I’ve developed a defense mechanism against these unwelcome musical intrusions; I subvert them by editorializing them towards the ridiculous, after which they have a markedly decreased effect and frequency.

Here’s an example. Michael Jackson’s “Thriller” — particularly the chorus — is prone to pop into my head at random. It always starts with ‘Cause this is thriller, thriller night…. Those first four words are the worst — and not just because they change during later choruses (‘Cause it’s a thriller… and “That it’s a thriller…). I hate the way Jackson sings it. It sounds like Dit – dit – dit thriller….

My cure was to think of something else that sounds like Dit – dit – dit. That was easy — whenever The Skipper on Gilligan’s Island was flummoxed by something Gilligan did or said, he would flail his hands and bat his hat and say Dip – dip – dip… Gilligan! (Dit, dip; close enough.)

You know where this is going… I superimpose the two, so whenever the song invites itself into my consciousness I end up hearing: (Skipper) Dip – dip – dip… (Jackson) …thriller… . It isn’t long before the evil DJ in my head tires of this parody and stomps off to the demonic record library in search of some other treachery.

He’s out of luck if he picks “It’s You Babe” from Styx. I confess there were a few early Styx songs that I liked, but the ballads are cloying enough for me to permanently take Styx off the play list. I particularly hated vocalist Dennis DeYoung’s crystal-clear articulation on songs like “It’s You Babe.” The opening line of the song begins Babe I’m leaving… and those four syllables have been burned into my mind as if tattooed there by a gleaming diamond.

The evil DJ digs that one out occasionally and slaps it on, so out of the blue, and beyond my control, I suddenly get BABE I’M LEEEE-VEEEENG belting through my head. Fortunately, and ironically, my cure was to give Dennis DeYoung a really bad head cold. Now, when that record spins, I hear BABE I’B LEEEB-EEEEEG. Needless to say, the evil DJ tires of this quickly.

Recently, I’ve brought a double-whammy to this one. I’m reading Between Meals: An Appetite for Paris by New Yorker alumnus A.J. Liebling. For the past week, if the evil DJ tries to slip that one past me he’s met with Dennis DeYoung yelling AY-JAY-LIEBLING! That oughta shut it down for good!

Monkey time!

august-monkeyIt’s time for the August monkey: Something Weird: The Musical!

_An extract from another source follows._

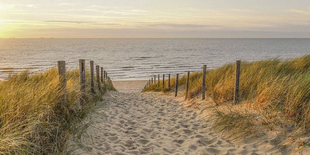The beach at the Dutch coast with the most beautiful sunsets, pounding waves and quiet beaches. Many of my pictures are taken between Katwijk and Scheveningen and Katwijk and Noordwijk. I myself am always moved by the many and beautiful cloudy skies, the sun poking through and then shining on the sea and the beach again. Living at the beach is living for me! Enjoy our beautiful nature! This beach entrance or beach turn gives you a wonderfully happy and free feeling all year round and only makes the longing for summer greater. Here shown as a panorama but can also be made in a 3:2 ratio.

In other words, tell us something weird about yourself that involves music. I don’t just mean the normal weird things, like that you’re a closet Barry Manilow fan or you lost your virginity at an Alice Cooper concert. Tell us the really bizarre stuff. Take me, for example — I never get the lyrics right. I interpret songs in all kinds of weird ways because I just don’t hear right. I was a teenager before I realized that “Puff the Magic Dragon” wasn’t “Puff-da-matic Dragon.” (Lyrics . . .)

Bring it on! We won’t laugh, really! Post your monkey on Monday. That’s when I’ll tell you about some really bent musical obsessions that I can’t get out of my head — and I’m hoping you won’t call for the men in the white coats after reading it!

Update: As I think about my upcoming monkey I’m remembering more weirdness about that song. I hated it, and not just because I couldn’t figure out what a “puff-da-matic” dragon was. After all, it was in my nature to hate all popular things when I was a kid. But I particularly hated this song because all the kids I hated would sing it, and grownups who I hated tried to make me sing it.

I was particularly disturbed by the line in the song that goes “A dragon lives forever, but not so little boys.” It refers to the fact that kids grow up, but to a nasty and angst-filled kid like me it conjured images of little boys dying slow and miserable deaths from cancerous boils or flesh-eating diseases. Bleh!